- Born: June 4, 1955 Aberdeen, Maryland, U.S.
- Died: May 2, 1995 (aged 39) SCI Rockview, Pennsylvania, U.S.
- Criminal status: Executed by lethal injection
- Conviction: First degree murder
- Criminal penalty: Death (April 24, 1981)

Details
- Victims: 1
- Date: October 13, 1980

= Keith Zettlemoyer =

American murderer (1955–1995)

Keith William Zettlemoyer (June 4, 1955 – May 2, 1995) was an American convicted murderer who was executed in Pennsylvania for the 1980 murder of his friend Charles DeVetsco. He became the first person to be executed in Pennsylvania since the United States reinstated the death penalty in 1976.

==Early life==
Zettlemoyer was born on June 4, 1955, in Aberdeen, Maryland. He was the oldest of five children and had four sisters. In his early years, he tried to join the army but was unsuccessful. He then worked a variety of different jobs, including photographer, custodian, and maintenance worker.

==Murder==
In the early hours of the morning on October 13, 1980, two police officers were out on patrol in Harrisburg, Pennsylvania, in an unmarked car. They heard gunfire coming from a nearby wooded area which was unlit and often used for dumping trash. As they approached the scene, they found a 1967 Ford van parked on a dirt road near some bushes. After hearing rustling noises coming from the bushes, they ordered the person making the noise to come out. Zettlemoyer emerged from the woods holding a handgun and a flashlight. He claimed he had been shooting rats, but the officers were not convinced. Zettlemoyer was ordered to drop the gun and was then secured.
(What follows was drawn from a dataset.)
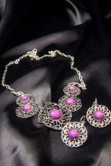 Комплект (серьги и колье) из металла серебряного цвета, с вставками из матовых страз. Длина: 40 + 7 см.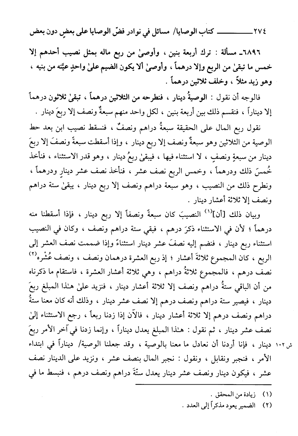 نقول ربع المال على الحقيقة سبعةُ دراهم ونصفٌ، فنسقط نصيب ابن بعد حط الوصية من الثلاثين وهو سبعةٌ ونصف إلا ربع دينار، وإذا أسقطت سبعةً ونصفَ إلا ربعَ دينار من سبعةٍ ونصفٍ، لا استثناء فيها، فيبقى ربعُ دينار، وهو قدر الاستثناء، فنأخذ خُمسَ ذلك ودرهماً، وخمس الربع نصف عشر، فنأخذ نصف عشر دينارٍ ودرهماً، ونطرح ذلك من النصيب، وهو سبعة دراهم ونصف إلا ربع دينار، يبقى ستة دراهم ونصف إلا ثلاثة أعشار دينار.

One of the officers searched the area and came across the body of 29-year-old Charles DeVetsco. He had been shot a total of four times. It later emerged he had been shot twice in the van while handcuffed and was then dragged from the van to the woods where two more fatal shots were fired. The cause of death was confirmed as a massive hemorrhaging of the heart, which had been penetrated by .357 Magnum bullets.

==Trial==
DeVetsco had worked with Zettlemoyer at a retail store and had been scheduled to testify against him in an upcoming robbery trial in Snyder County. In May 1980, Zettlemoyer and an accomplice, Kenneth Kipple, had carried out a robbery, in which they had bound a security guard at a RadioShack near Sunbury and had stolen electronic equipment worth thousands of dollars. Kipple was later caught trying to sell the equipment and had named Zettlemoyer as his partner. Zettlemoyer had then confided in DeVetsco about the heist. DeVetsco contacted the authorities and had planned to testify against him. Zettlemoyer had kidnapped DeVetsco near Selinsgrove and had driven him to Harrisburg to kill him in order to prevent his testimony.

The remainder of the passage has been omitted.